Photos land on the NAS from two phones. Before I can sort them, someone has to copy the new ones onto the working folder — the cutting board — while skipping everything already handled. That’s dull, repetitive, and easy to forget. For two years, “I’ll copy them over later” was where the process died.

So I gave that job to the picker’s own background loop — it wakes once an hour, does the copy, and goes back to sleep. It never forgets.

What the Hourly Check Does

Every hour, quietly, it:

  • Looks at both phone-backup folders for files newer than the day I started (June 20th, 2026).
  • Copies any new file onto the working folder.
  • Skips anything already on the working folder (same file, already copied).
  • Skips anything the record (R) says has already been handled or transferred.
  • Notes which phone each file came from.

The result: I never have to remember to “fetch the new photos.” When I sit down to sort, whatever arrived since yesterday is already waiting on the cutting board, and nothing I’ve already dealt with is cluttering it up.

The “Check Now” Button

An hour is fine for the everyday flow, but sometimes I take a photo and want it in the archive now — to show my mother something from this afternoon before she goes to bed.

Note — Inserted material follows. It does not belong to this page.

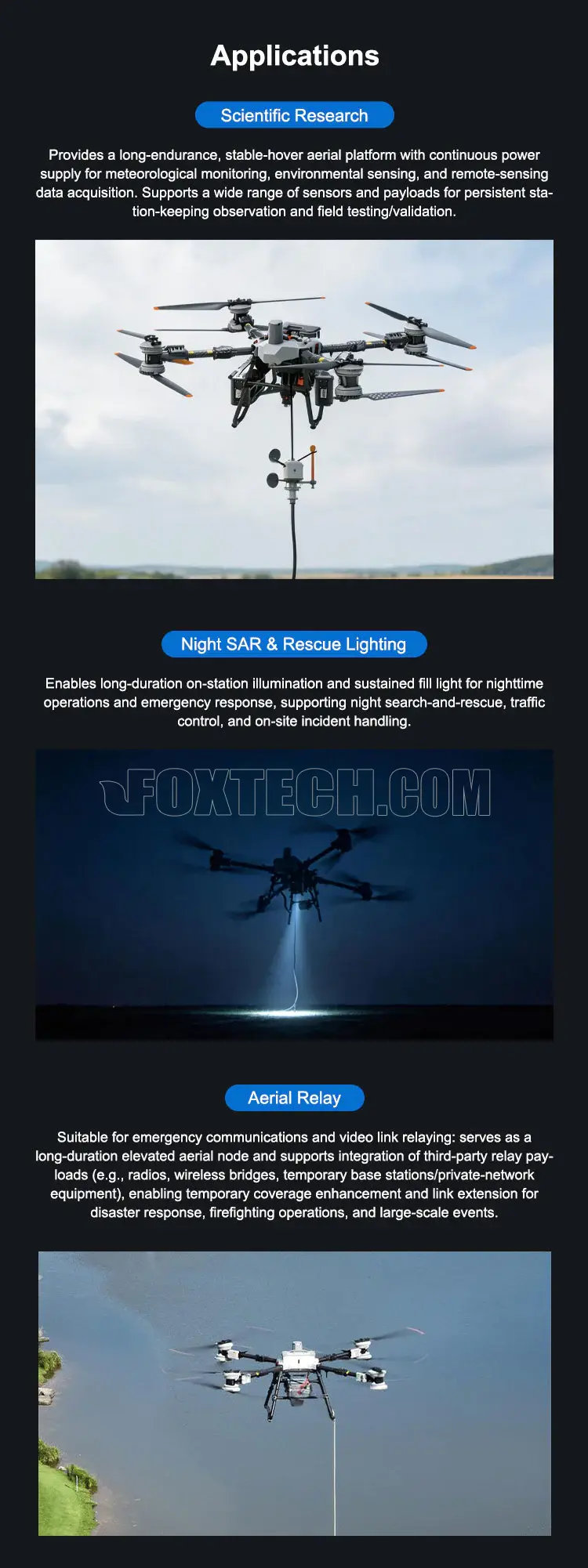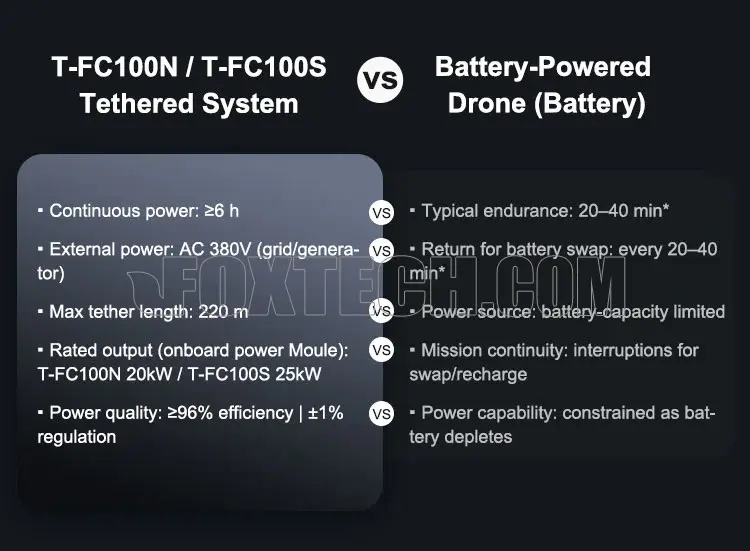 - ≥6 hours continuous powered operation for persistent hovering and on-station missions

So next to the automatic hourly run, there’s a “check now” button. Same job, on demand. Press it, and it pulls in anything new this second instead of waiting for the top of the hour.

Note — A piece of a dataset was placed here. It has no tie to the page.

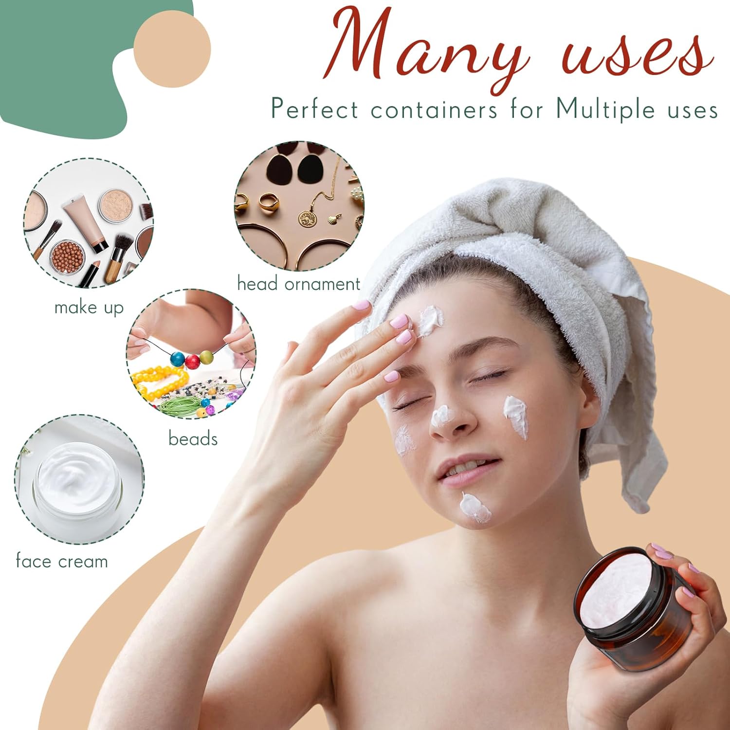 Patelai 4 Pieces Round Wide-mouth Leak Proof Plastic Container Jars with Lids for Travel Storage Makeup Beauty Products Face Creams Oils Salves Ointments DIY Making(1 Ounce,Amber)

This pairing — automatic by default, manual when you’re impatient — turned out to be the right shape for almost every background task I build. The machine handles the routine; the button handles the exceptions.

There’s nothing fancy underneath, and I want to be plain about that. It isn’t a system cron job or a scheduled task. It’s just a background thread inside the picker’s own web server: run the copy, sleep an hour, repeat. As long as the picker is running, the check runs. That’s it — and for a home tool, “as long as the app is up” is a simple enough promise to reason about.

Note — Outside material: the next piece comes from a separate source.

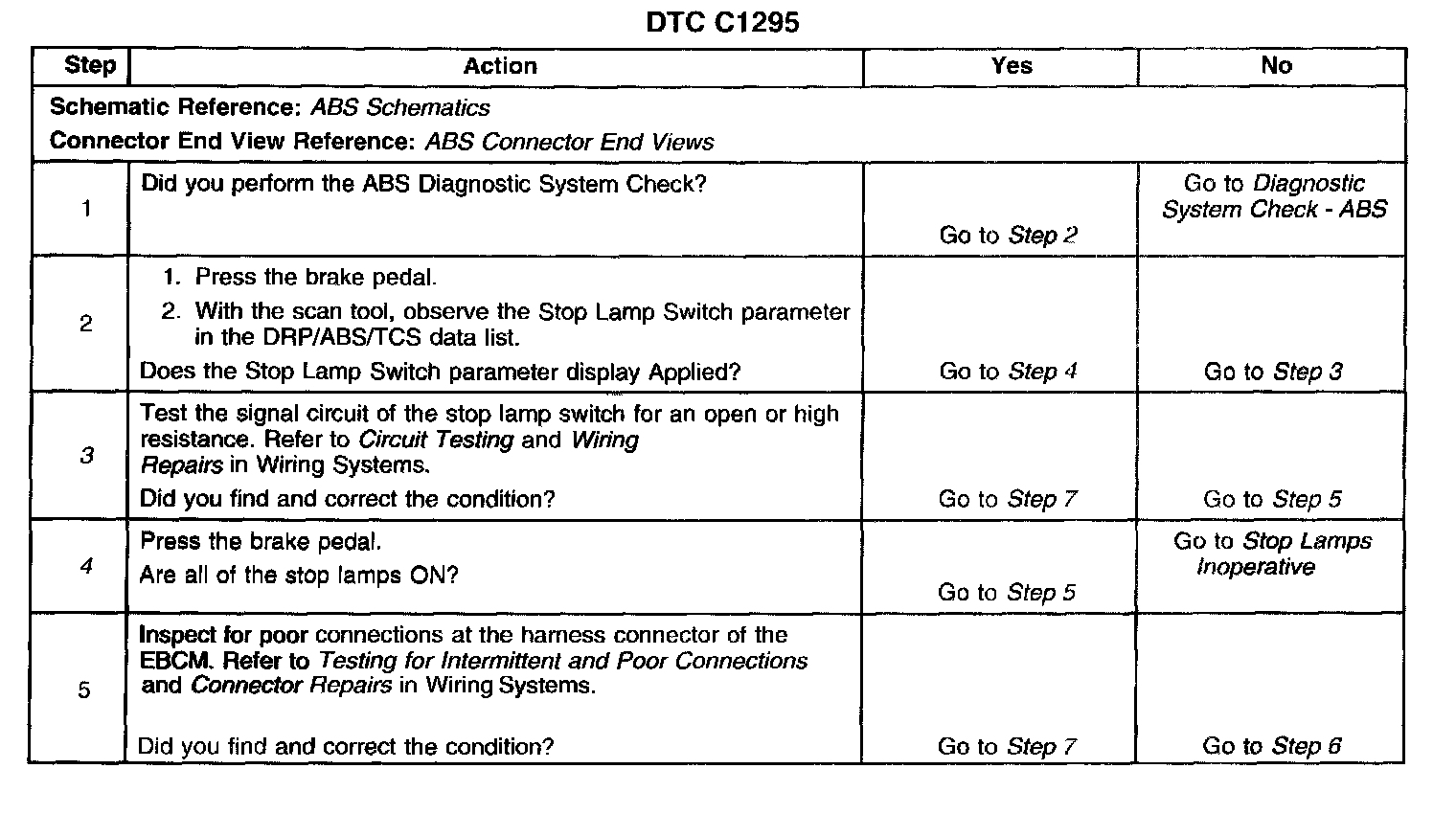 3. This DTC detects an open stop lamp switch signal circuit from the stoplamp side of the splice pack to the EBCM.

Why Automating the Boring Middle Matters

It’s tempting to automate the impressive parts and leave the dull parts to “just do it later.” I had it backwards.

The impressive parts — picking good photos, watching the videos — are the parts I enjoy, so I was always going to do them. The dull middle step — copying and de-duplicating files — was the part I dreaded, so it was always the part that stalled the pipeline. Automating the step I hated is what made the parts I love actually happen.

A friction log entry, basically: the bottleneck wasn’t the hard work; it was the boring work. Once the boring work ran itself every hour, the archive stopped being a someday project and became a daily habit.

Keeping It Honest

A few things I’m still watching, because I’d rather admit them than pretend:

  • The hourly gap is real. Without the “check now” button, a new photo can wait up to an hour. That’s fine for a growth archive; it wouldn’t be for something urgent.
  • It trusts the record. The whole skip logic leans on R being correct. If R ever got out of sync with the actual files, the check could re-copy or miss something. So far it’s held, but it’s the part I’d test first if something looked off.
  • It only copies; it never deletes from the backup. By design. The check reads the backups and writes to the cutting board. The backups stay untouched — the rule from the keystone post.